Finding critical points and absolute extrema

By the Fundamental Theorem of calculus,

g(x) = f'(x)

(a)

The critical points of f(x) are where its derivative, g(x), is 0.

So they are x = 2 and x = 4.

They are relative maxima or minima depending on the polarity of f"(x),

which is g'(x).

g'(2) = 1, therefore x = 2 is local minimum.

g'(4) = -1, therefore x = 4 is local maximum.

(b)

Absolute extrema are either at critical points or boundary of domain.

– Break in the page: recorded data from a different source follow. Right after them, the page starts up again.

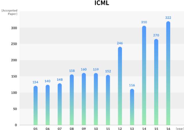 从2005年到2016年,ICML总共接受了2315份论文。2016年接受的论文数量为322篇,比11年前的134篇论文翻了一倍还多。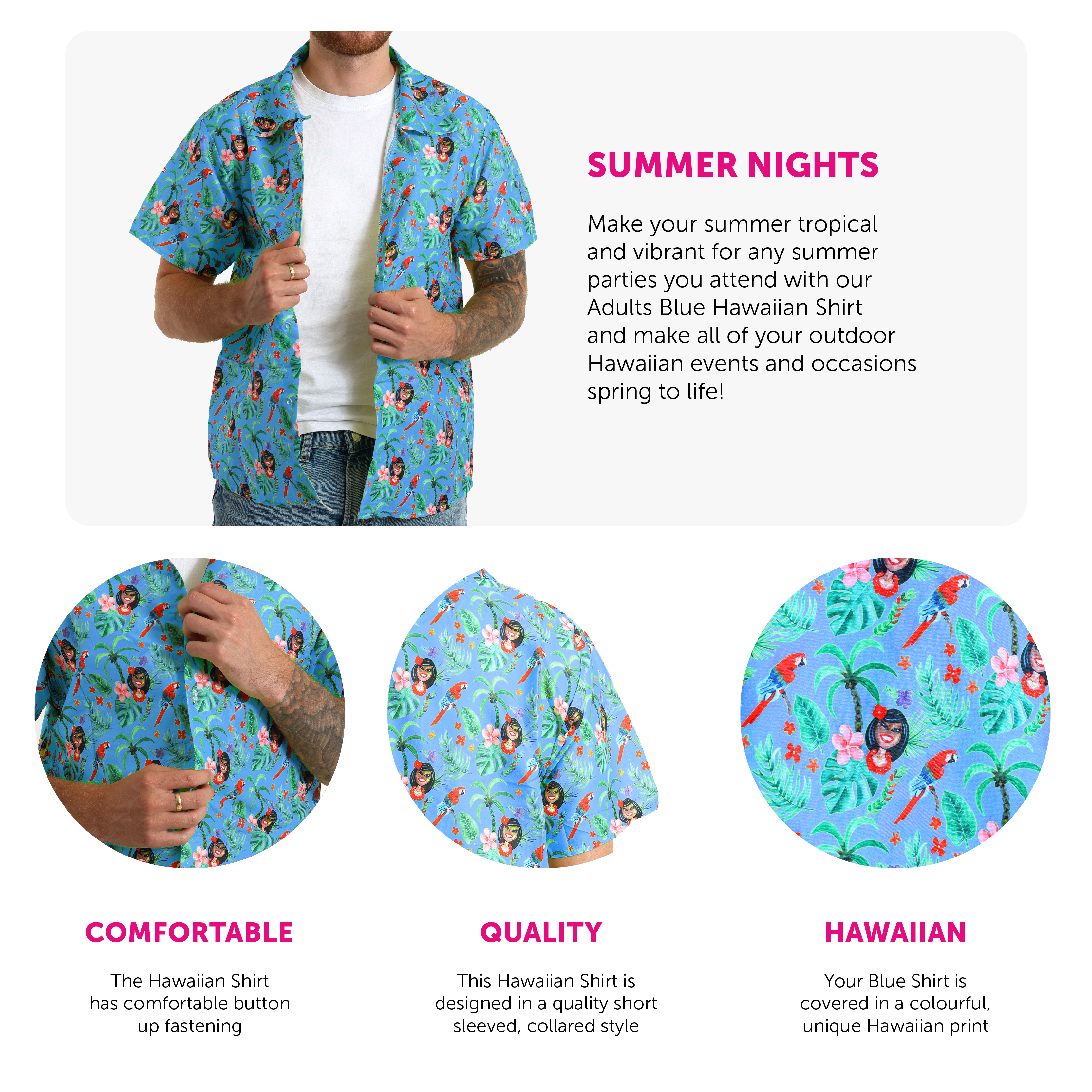 ADULTS BLUE HAWAIIAN SHIRT: Make your summer tropical and vibrant for any summer parties you attend with our Adults Blue Hawaiian Shirt and make all of your outdoor Hawaiian events and occasions spring to life!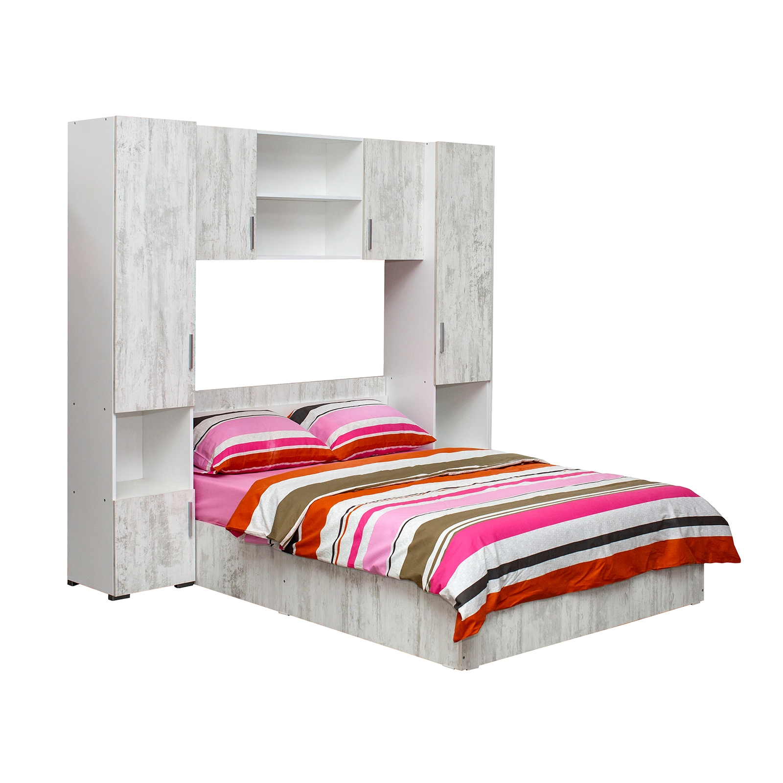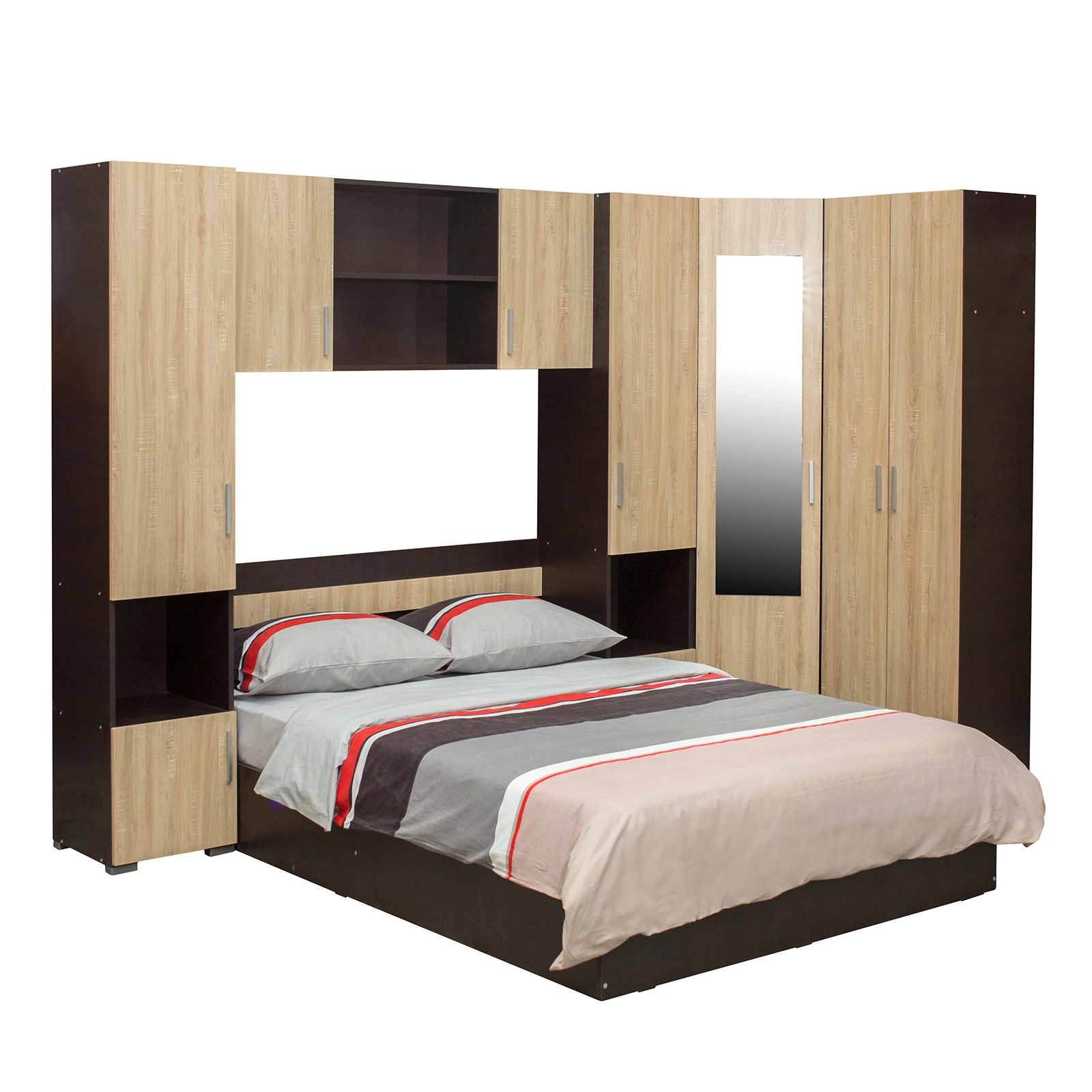 Aceasta mobila concentreaza patul si dulapurile pe colt, astfel incat restul camerei sa ramana disponibil pentru alte activitati, pentru birou si chiar pentru zone de relaxare si socializare.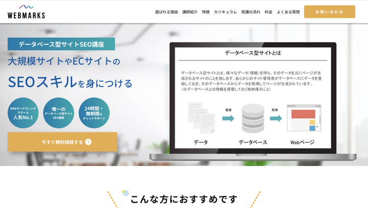データベース型サイトSEO講座のLPデザインを担当しました。ワイヤー構成から考え、レスポンシブデザインも担当しました。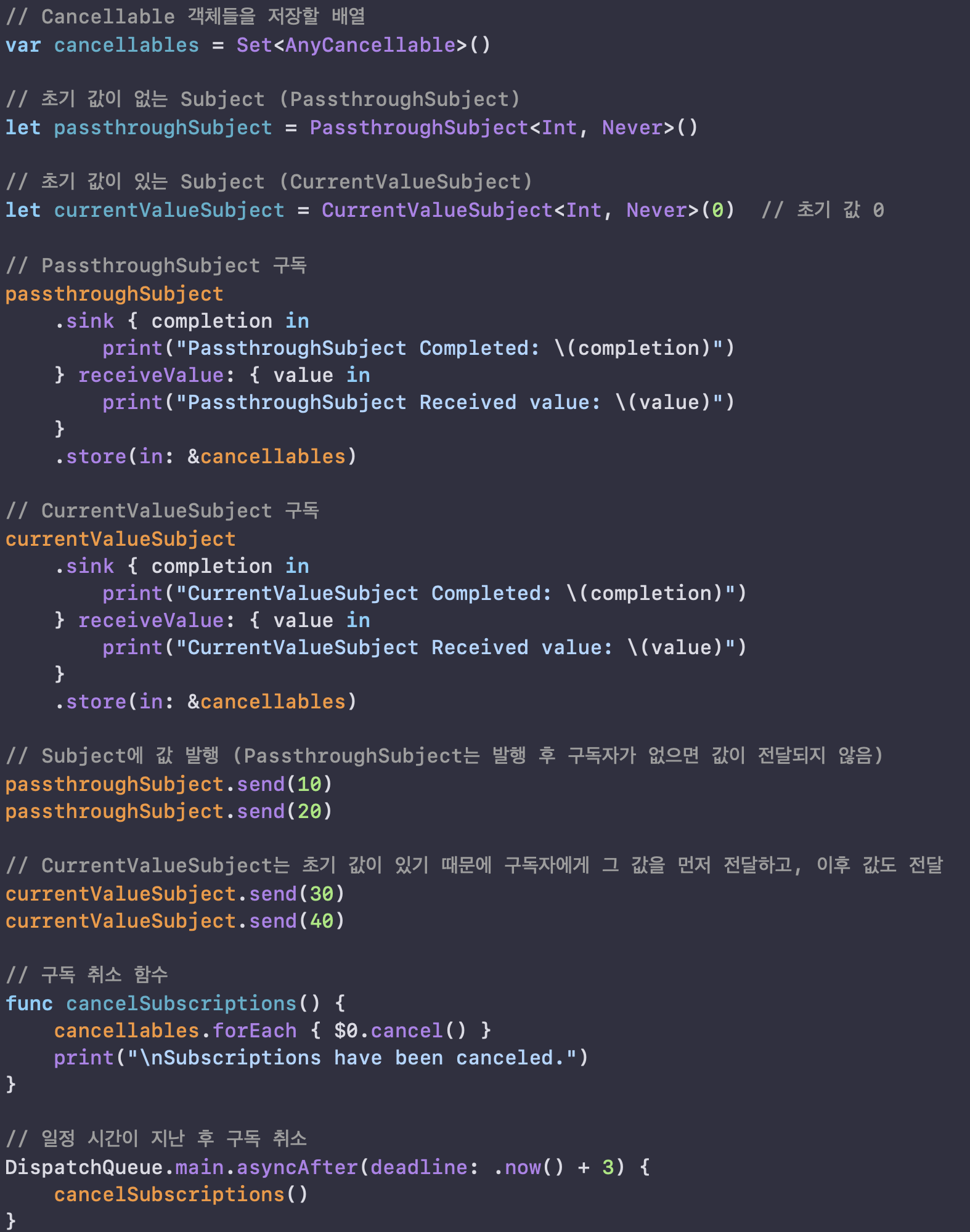 구현 시, Subscribe 쪽에서 수신 연결을 할 때, 해당 객체를 Cancllable 객체에 store해서 수신이 끝나면 cancle 하도록 설정합니다.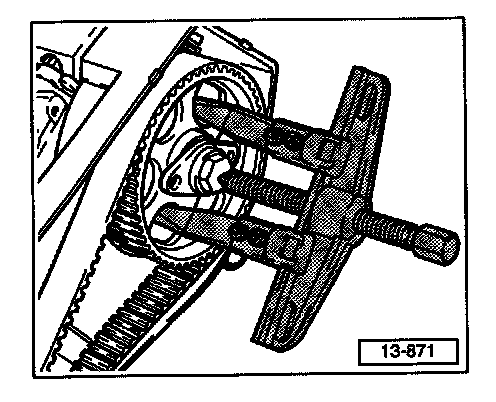 - Loosen right and left camshaft sprockets from tapered ends of camshafts using puller (Kukko 20/10 shown).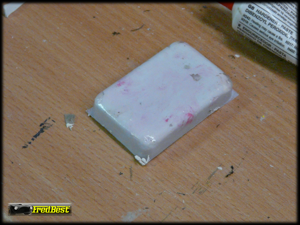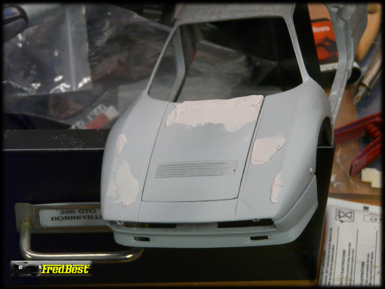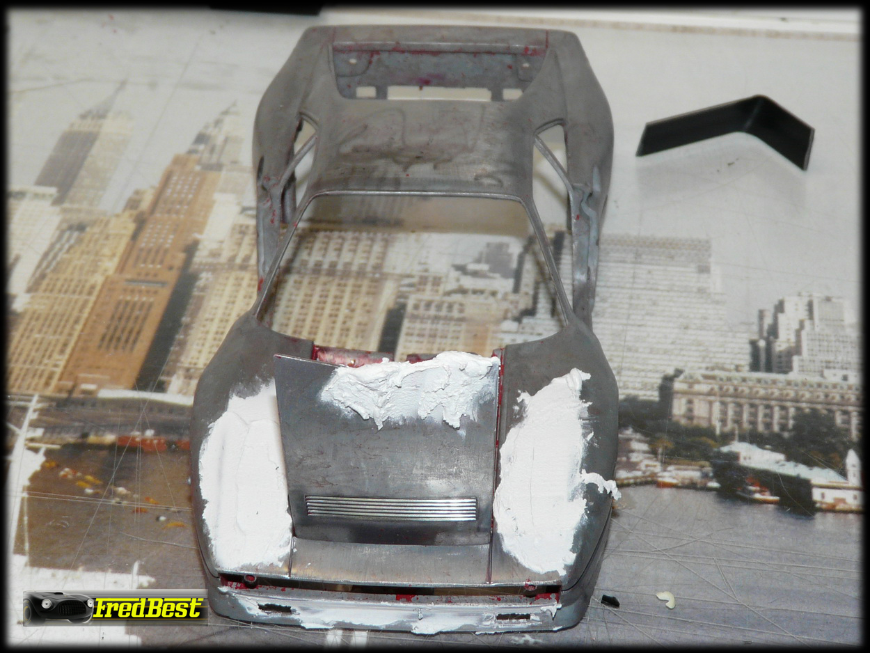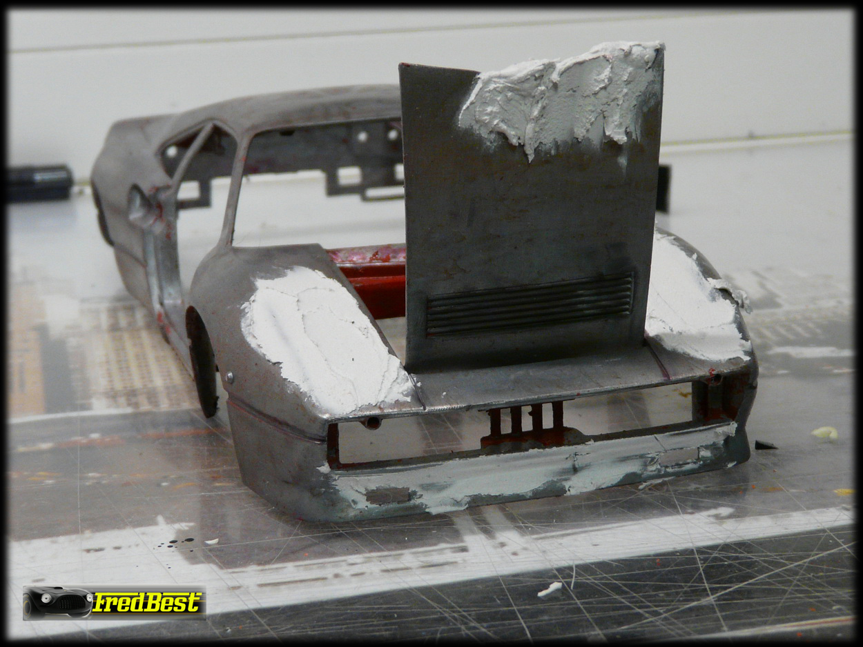 Création en mastic de la pièce destinée à recouvrir le capot moteur.

- Absolute maximum could be at x = 4, x = 0, or x = 6.

It cannot be x = 6 because f(4) > f(6).

The reason is that for x > 4 g(x) < 0, and therefore f(x) is decreasing there.

Absolute maximum is actually at x = 0, because f(0) > f(4) for the following reason.

f(4) = f(0) + ∫₀² g(t)dt + ∫₂⁴g(t)dt

∫₂⁴g(t)dt = 1 because it is the area of the triangle with base 2 and height 1.

∫₀² g(t)dt < -1 because the rectangle between 0 and 1 alone has area -1.

- Absolute minimum could be at x = 2 or x = 6.

It is at x = 6 for the analogous reason as above.

f(6) = f(2) + ∫₂⁴g(t)dt + ∫₄⁶g(t)dt

∫₂⁴g(t)dt = 1, and ∫₄⁶g(t)dt < -1 because the rectangle between 5 and 6 alone has area -1.